Los anticuerpos anti-HLA no son el único factor involucrado en la pérdida del injerto. Existen numerosos estudios que han demostrado que antígenos no HLA están involucrados, incluso cuando un paciente tiene una buena compatibilidad HLA y recibe terapia inmunosupresora. Varios estudios señalan que los anticuerpos anti-MICA, que se unen a moléculas MICA expresadas en la superficie del endotelio del injerto, pueden tener relevancia en el resultado del trasplante de riñón22, 23. El estrés que sigue a los trasplantes causa un estado inflamatorio general en el receptor. Esto puede llevar a un aumento en la producción de MICA, activando una respuesta vía el receptor NKG2D. Pero se requieren más estudios para analizar el impacto clínico, ya que hay también algunos estudios donde la presencia de anticuerpos anti-MICA no parece afectar al resultado del trasplante renal24, 25
En general, la respuesta humoral a antígenos MICA se ha asociado con una menor supervivencia y un aumento del riesgo de rechazo agudo o crónico en trasplante tanto de riñón como de hígado. Aunque hay indicios claros de la asociación de anticuerpos anti-MICA con un peor pronóstico del trasplante, no existe todavía un consenso definitivo26.

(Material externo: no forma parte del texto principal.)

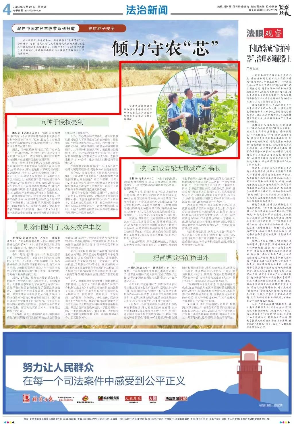“针对种子经营户销售过期种子、无资质公司及个人制种等问题,立案涉种子公益诉讼案件43件,发出诉前检察建议41件。”5月25日,酒泉市检察院党组书记、检察长王烨向该市第五届人大常委会第十一次会议作专题报告时,介绍了检察机关服务乡村振兴和加强种业司法保护工作取得的成果。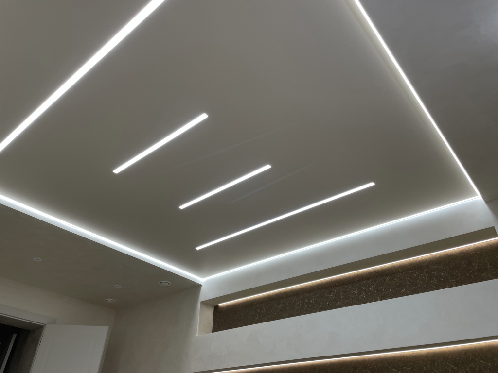 Любой дизайн и конструкция (обход люстры, трубы, дополнительных углов)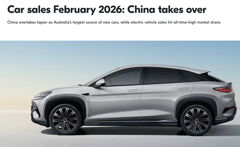 2026年2月,中国制造汽车在澳交付25781辆,同比增长50%,首度成为澳大利亚汽车市场第一大供应国,也终结了,自1998年以来日本车对于该市场的统治。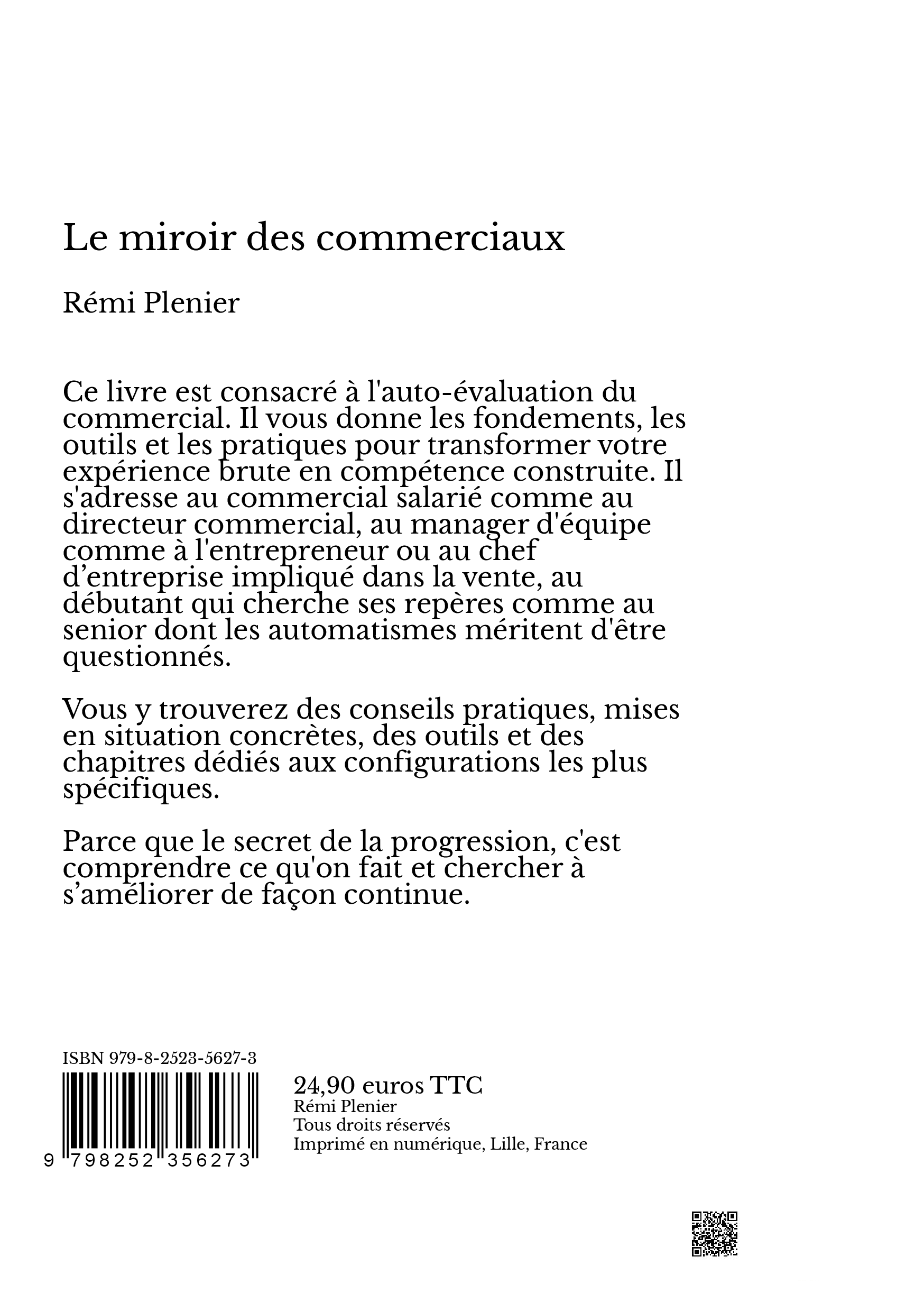 Ce livre est consacré à l'auto-évaluation du commercial. Il vous donne les fondements, les outils et les pratiques pour transformer votre expérience brute en compétence construite. Il s'adresse au commercial salarié comme au directeur commercial, au manager d'équipe comme à l'entrepreneur ou au chef d’entreprise impliqué dans la vente, au débutant qui cherche ses repères comme au senior dont les automatismes méritent d'être questionnés.

Por otro lado, la mayoría de los estudios sobre la liberación de sMICA en suero se han realizado para entender su influencia en el crecimiento de tumores y en el rechazo de trasplantes, demostrando una relación inversa entre los niveles de sMICA y el rechazo agudo27. Los datos sugieren que los niveles de MICA circulantes pueden servir para evaluar los pacientes post-trasplante renal. Se necesitan, sin embargo, más estudios para determinar la aplicabilidad de sMICA como un biomarcador potencial de pronóstico en el trasplante de órgano sólido.
MICA y cáncer
Las células tumorales expresan MICA de manera frecuente28. Esto implica que son marcadores de estrés celular y su expresión en tejidos es una señal para la destrucción por células NK.
Aunque MICA y MICB no parecen tan diversos como los genes HLA convencionales, se han descrito un gran número de alelos distintos29. MICA∗008 es el alelo más común con frecuencias que varían desde el 25 al 55% dependiendo de la población.

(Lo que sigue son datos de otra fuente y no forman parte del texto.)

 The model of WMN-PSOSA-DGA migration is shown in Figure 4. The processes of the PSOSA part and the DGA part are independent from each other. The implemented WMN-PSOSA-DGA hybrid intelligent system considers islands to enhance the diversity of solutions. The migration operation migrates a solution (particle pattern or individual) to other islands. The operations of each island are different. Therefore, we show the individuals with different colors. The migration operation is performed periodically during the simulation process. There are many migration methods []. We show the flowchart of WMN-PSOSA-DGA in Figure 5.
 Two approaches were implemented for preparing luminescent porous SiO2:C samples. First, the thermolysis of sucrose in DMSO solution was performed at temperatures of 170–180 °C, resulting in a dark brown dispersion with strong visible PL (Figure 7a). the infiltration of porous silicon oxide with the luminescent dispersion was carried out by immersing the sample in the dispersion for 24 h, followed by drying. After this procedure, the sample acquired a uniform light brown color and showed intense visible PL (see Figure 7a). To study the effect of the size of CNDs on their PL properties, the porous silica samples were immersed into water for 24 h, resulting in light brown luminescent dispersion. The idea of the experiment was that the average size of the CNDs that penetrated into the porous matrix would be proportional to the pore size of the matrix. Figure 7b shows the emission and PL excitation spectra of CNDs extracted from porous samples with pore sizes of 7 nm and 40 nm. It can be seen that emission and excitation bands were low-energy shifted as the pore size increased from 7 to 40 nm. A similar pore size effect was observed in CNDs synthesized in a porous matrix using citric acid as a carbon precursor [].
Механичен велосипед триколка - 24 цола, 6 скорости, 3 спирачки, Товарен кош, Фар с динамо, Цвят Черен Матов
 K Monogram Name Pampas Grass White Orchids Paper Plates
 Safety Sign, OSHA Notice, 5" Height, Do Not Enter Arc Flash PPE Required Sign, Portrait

Este alelo difiere de otros en que carece del dominio transmembrana debido a mutación por cambio del marco de lectura en el exón 5. Los alelos que comparten estas características se llaman “A5.1”30. Sus productos se unen a la membrana celular mediante anclajes GPI y son, a menudo, liberados en exosomas, lo que provoca una disminución del receptor NKG2D en células efectoras.
De forma similar, otros alelos de MICA y MICB lo hacen utilizando su forma soluble mediante un mecanismo proteolítico31, 32. Se han encontrado ambas formas solubles (sMICA/B) en varios tipos de cáncer, lo que lleva a pensar que es una de las causas por las que los tumores escapan del sistema inmune. En concreto, la ruptura proteolítica se inicia en el dominio α3. En primer lugar, una disulfido-isomerasa ERp5 elimina el puente disulfuro localizado entre los residuos 202 y 25933. A continuación, algunas metaloproteasas cortan MICA/B cercanos a ese punto, liberando la porción extracelular de MICA/B (incluyendo los dominios α1 y α2), que es el sitio de unión al receptor NKG2D.
Por esta razón, sMICA/B son considerados dianas prometedoras en inmunoterapia35, 36, 37.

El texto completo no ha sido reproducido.